Working in close collaboration with the Street Vendor Project, a vendor advocacy organization in New York, and using a variety of methods including surveys in public space, in-depth interviews with vendors and small business owners, discourse analysis of media and public records, as well as quantitative sidewalk load analysis, this study seeks to better understand the political and economic dynamics underlying the push to ban vendors, the role of planning and policy in legitimizing this exclusion, and the effects of this ban on vendors themselves.

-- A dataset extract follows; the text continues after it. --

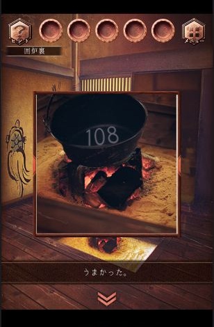 囲炉裏に移動し、鍋を拡大する。
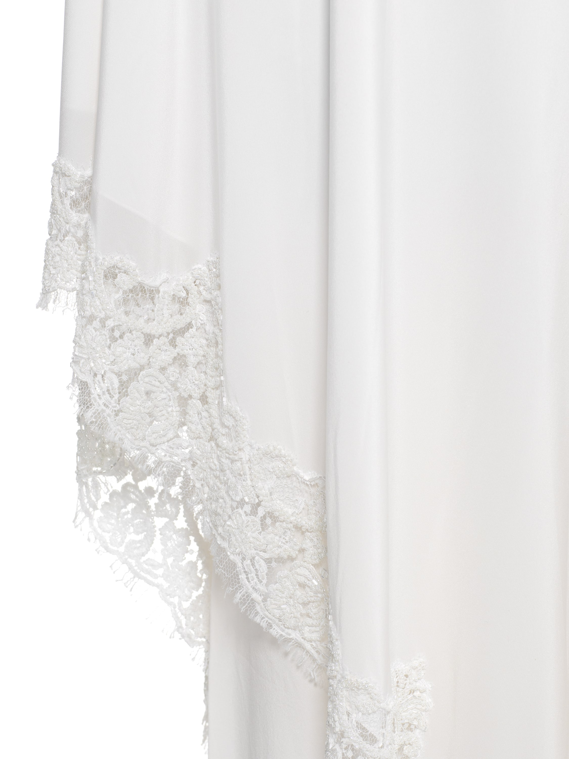 For the set of a one‑shoulder tunic and joggers, white silk fabric was used. The asymmetric cut is accentuated with delicate lace and bead embroidery.

In this panel members of the research team will present some initial findings from surveys and interviews. Ryan Thomas Devlin (Columbia University) will discuss findings of the project itself, while Sarah Orleans Reed (WIEGO) will relate findings to vendor conflicts globally, and Vicky Mao (Street Vendor Project) will discuss legal and political aspects of organizing vendors in Flushing. Yuan Zhou Liu, a vendor in Flushing who was affected by the ban, will also join the panel to share his experience of exclusionary laws.  

Street Vending: Text

Panel organizers

Ryan Thomas Devlin

Ryan Thomas Devlin is a Visiting Professor of Urban Planning at the Graduate School of Architecture, Planning, and Preservation at Columbia University. His research focuses on informal urbanism in the United States, with a specific interest in street vending and conflicts over public space in New York City. Prior to joining the faculty at Columbia, Ryan taught in the public and urban policy masters programs at both John Jay College (CUNY) and the New School. Ryan holds a Ph.D. in City and Regional Planning from the University of California, Berkeley.

Sarah Orleans Reed

Sarah Orleans Reed is a Research Associate with Women in Informal Employment Globalizing and Organizing (WIEGO) and a staff member of the Street Vendor Project. She was previously WIEGO's Bangkok Focal City Coordinator, where she supported informal worker organizations via research related to street vending and public space, street food consumption, and access to urban services.  Before joining WIEGO, her research focused on urbanization and climate change in Southeast Asia with the Institute for Social and Environmental Transition (ISET), United Nations Development Program (UNDP), and other non-governmental organizations.

Vicky Mao

Vicky Mao is a staff member and lawyer with the Street Vendor Project where she helps to organize and assist street vendors, with a specific focus on Mandarin-speaking members. She was born and raised in Hefei, China. A passion for law and social justice led her to pursue a J.D. at New York Law School after receiving her M.A from New York University. As an immigrant herself, Vicky is committed to help immigrant vendors with all kinds of needs.

Yuan Zhou Liu

Yuan Zhou Liu's BBQ cart is one of the best reviewed street carts in Flushing on Yelp. He has been selling Western Chinese-style grilled meat skewers in Flushing for eight years. His popular and thriving small business is now in jeopardy, thanks to the ban on street vendors in Downtown Flushing passed by New York City Council in October 2018 and implemented in April 2019.